■ Exercise brief ■
The required answer is the data below, restated word for word with images omitted.

■ Material provided ■
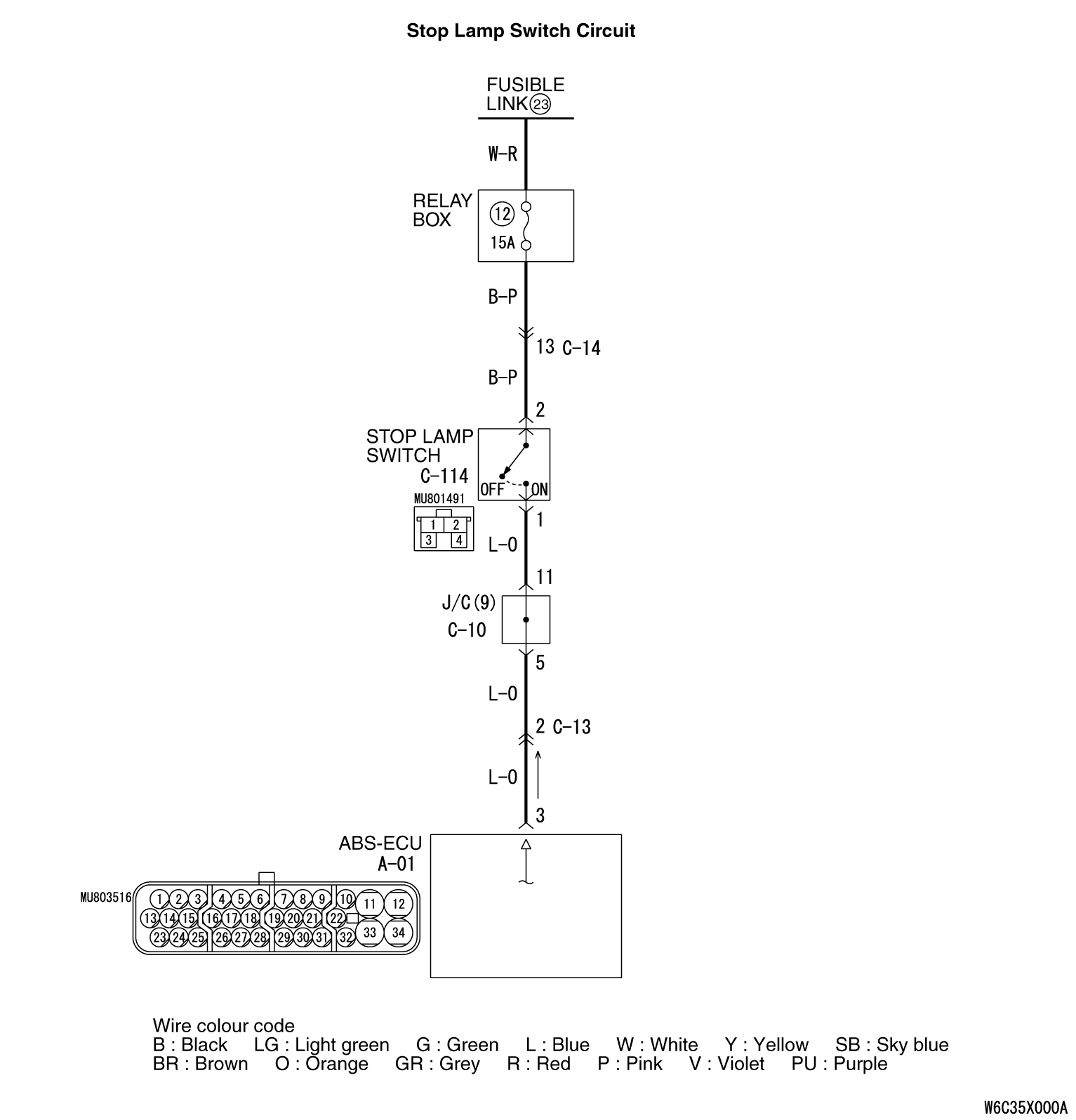 An open or short circuit may be present between the stop lamp switch and ABS-ECU. Repair the wiring harness between ABS-ECU connector A-01 terminal 3 and stop lamp switch connector C-114. Then go to Step 8.
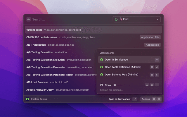 - Table Exploration: Browse and explore the tables in your ServiceNow instance, including their records, definitions, and schema maps (admins only).
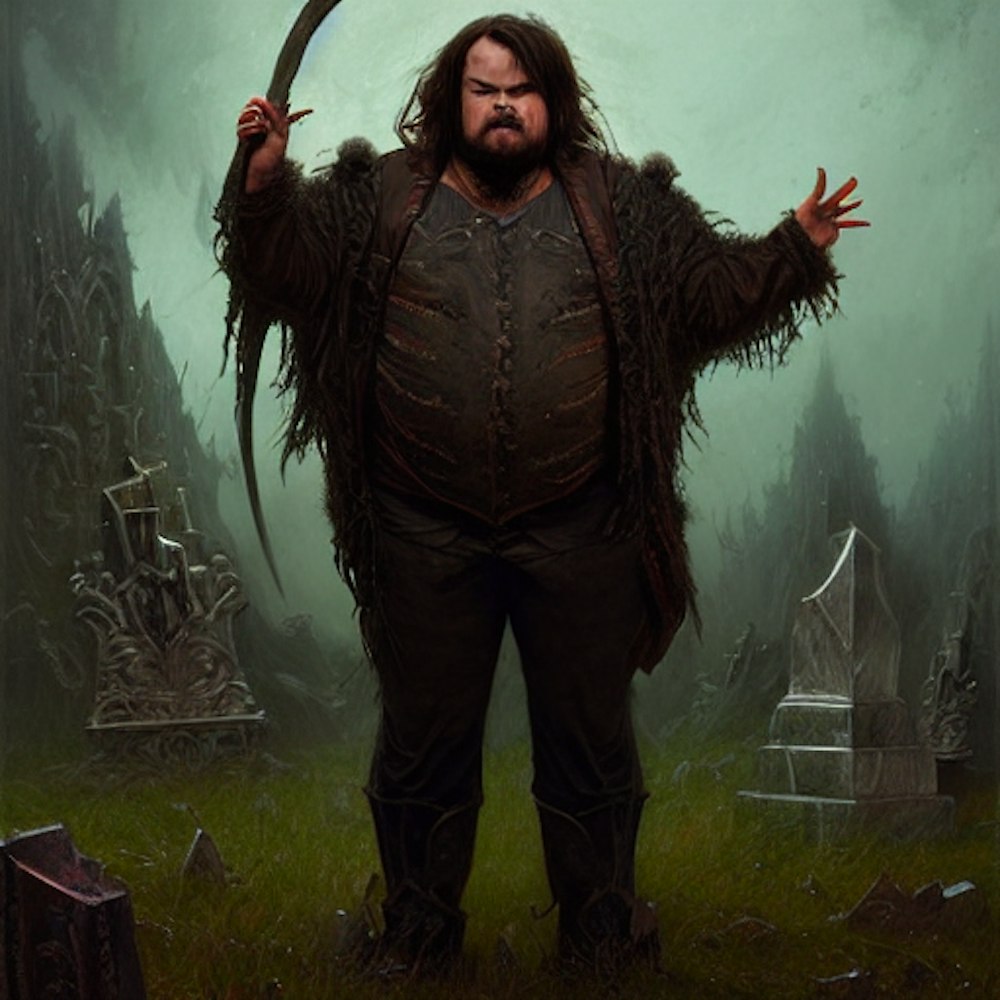 a portrait of actor Jack Black, fantasy character portrait, Graveyard landscape, ultra realistic, cinematic, concept art, wide angle, intricate details, hologram, highly detailed by greg rutkowski, aaron horkey, gaston bussiere
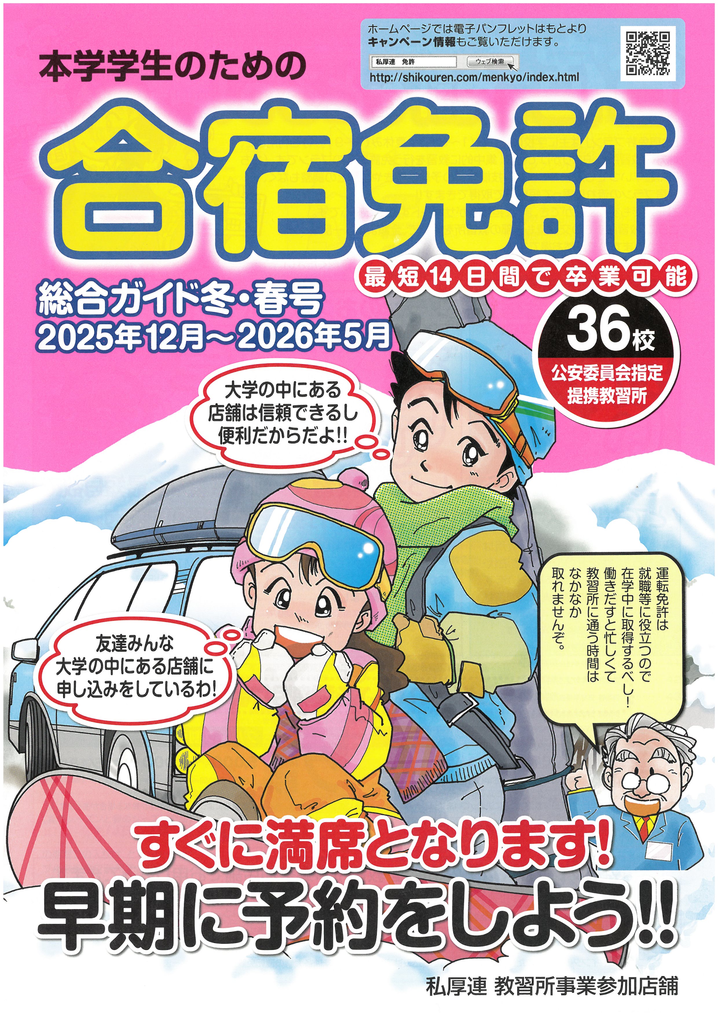 提携教習所 | 通学67校、合宿34校 パンフレットは購買センター、もしくは上記デジタルパンフレットをご覧ください。 |

■ Exercise answer ■
 An open or short circuit may be present between the stop lamp switch and ABS-ECU. Repair the wiring harness between ABS-ECU connector A-01 terminal 3 and stop lamp switch connector C-114. Then go to Step 8.
 - Table Exploration: Browse and explore the tables in your ServiceNow instance, including their records, definitions, and schema maps (admins only).
 a portrait of actor Jack Black, fantasy character portrait, Graveyard landscape, ultra realistic, cinematic, concept art, wide angle, intricate details, hologram, highly detailed by greg rutkowski, aaron horkey, gaston bussiere
 提携教習所 | 通学67校、合宿34校 パンフレットは購買センター、もしくは上記デジタルパンフレットをご覧ください。 |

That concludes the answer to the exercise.